**Supplied material:**
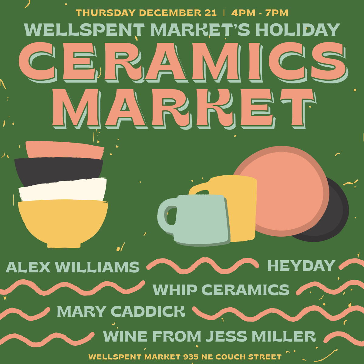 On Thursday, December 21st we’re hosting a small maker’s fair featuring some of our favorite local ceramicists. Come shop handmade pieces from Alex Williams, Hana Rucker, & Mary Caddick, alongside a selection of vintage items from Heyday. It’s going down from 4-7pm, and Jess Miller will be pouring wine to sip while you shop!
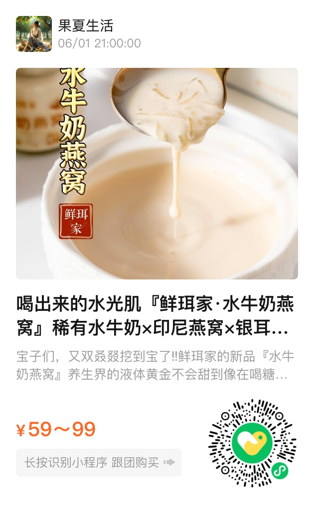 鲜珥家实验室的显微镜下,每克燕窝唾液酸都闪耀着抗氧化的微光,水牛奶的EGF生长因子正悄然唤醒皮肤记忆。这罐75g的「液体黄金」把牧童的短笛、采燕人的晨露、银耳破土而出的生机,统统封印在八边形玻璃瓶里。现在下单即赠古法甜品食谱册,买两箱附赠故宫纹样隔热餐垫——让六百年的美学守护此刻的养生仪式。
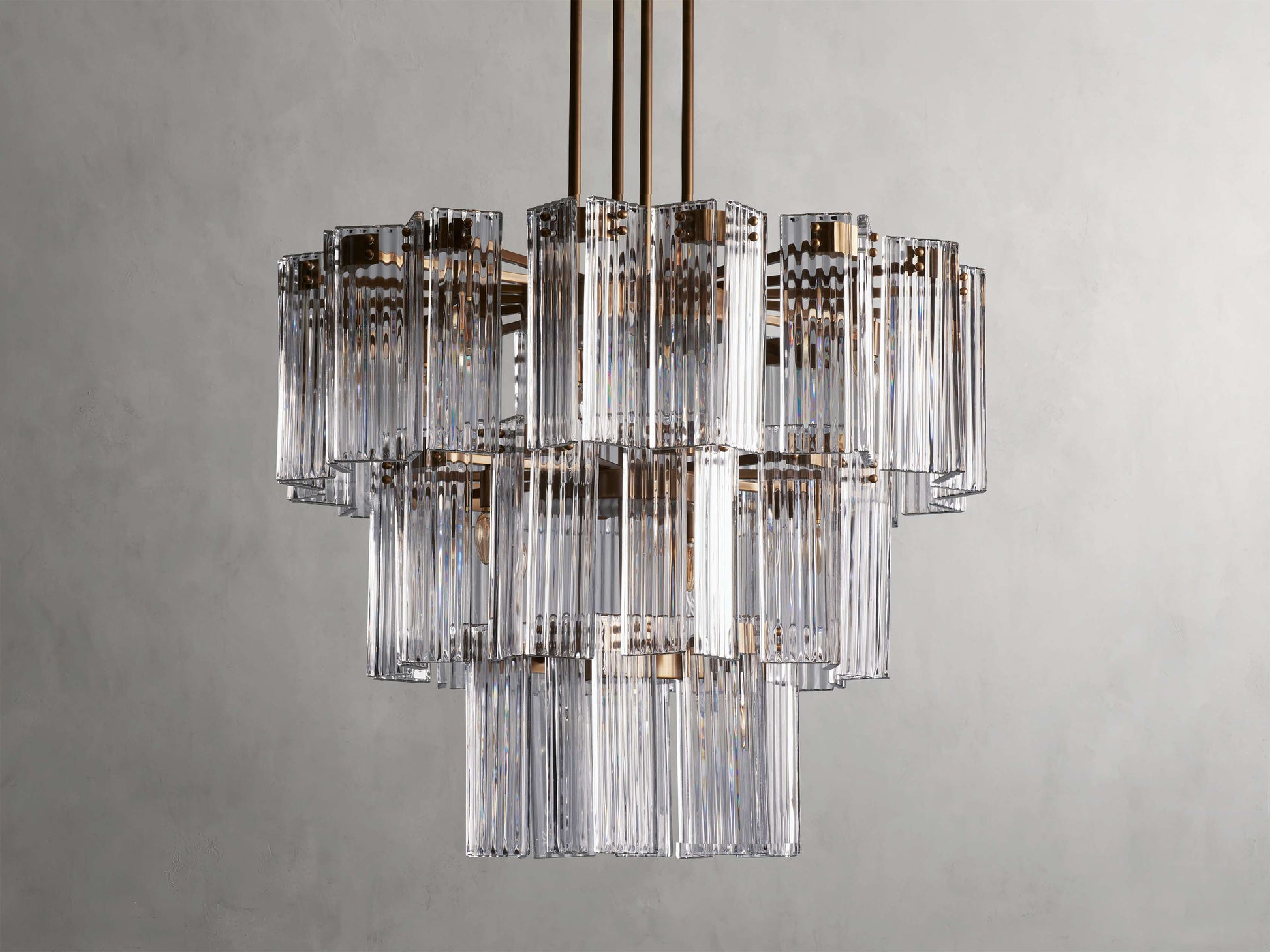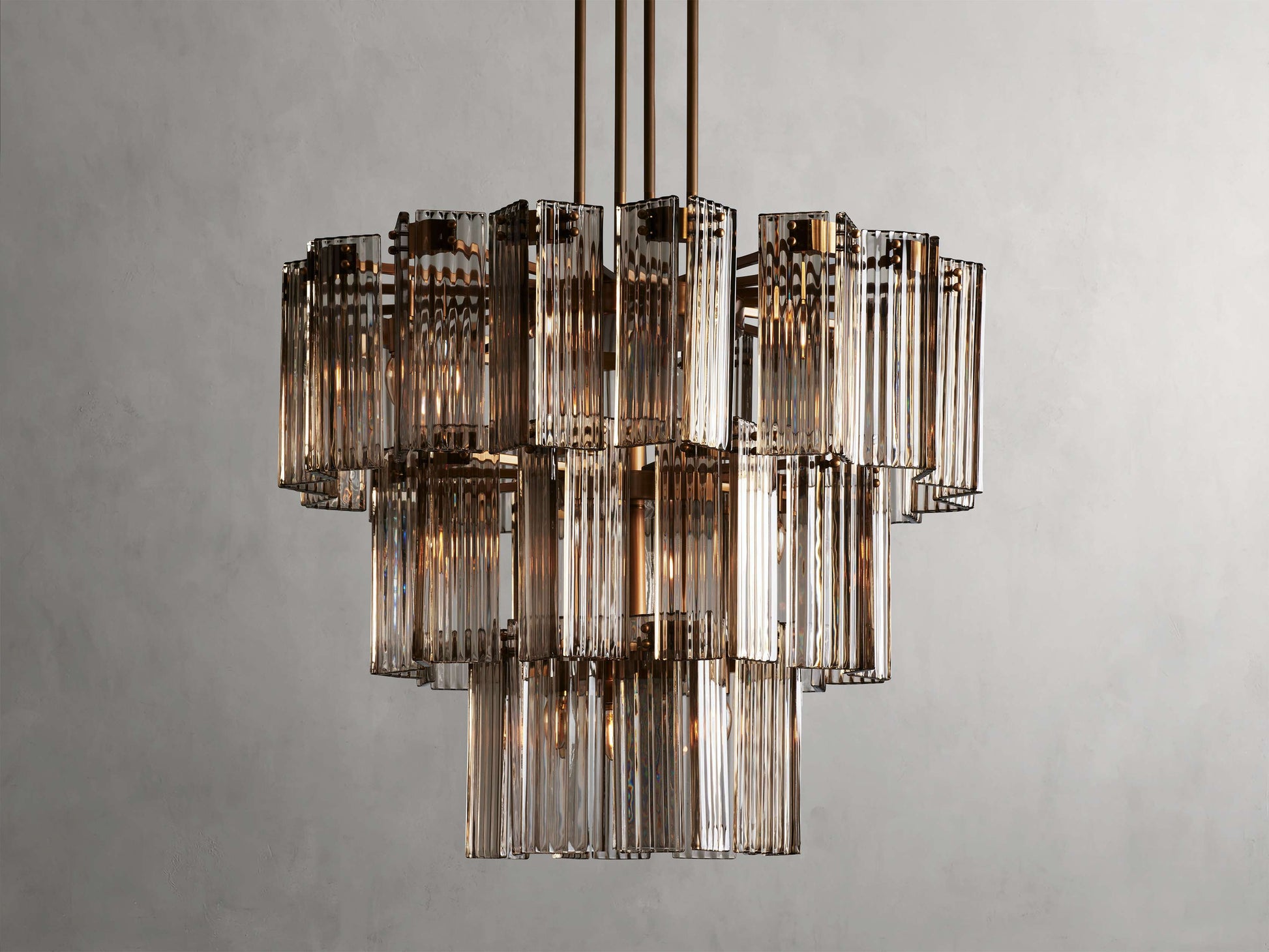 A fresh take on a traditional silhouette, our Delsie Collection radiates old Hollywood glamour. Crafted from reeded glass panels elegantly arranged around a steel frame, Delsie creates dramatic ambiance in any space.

**Exercise brief:**
The answer is the run of lines from the one with "鲜珥家实验室的显微镜下,每克" through the final line of the data, copied exactly, and nothing else; no pictures.

**Written response:**
 鲜珥家实验室的显微镜下,每克燕窝唾液酸都闪耀着抗氧化的微光,水牛奶的EGF生长因子正悄然唤醒皮肤记忆。这罐75g的「液体黄金」把牧童的短笛、采燕人的晨露、银耳破土而出的生机,统统封印在八边形玻璃瓶里。现在下单即赠古法甜品食谱册,买两箱附赠故宫纹样隔热餐垫——让六百年的美学守护此刻的养生仪式。
 A fresh take on a traditional silhouette, our Delsie Collection radiates old Hollywood glamour. Crafted from reeded glass panels elegantly arranged around a steel frame, Delsie creates dramatic ambiance in any space.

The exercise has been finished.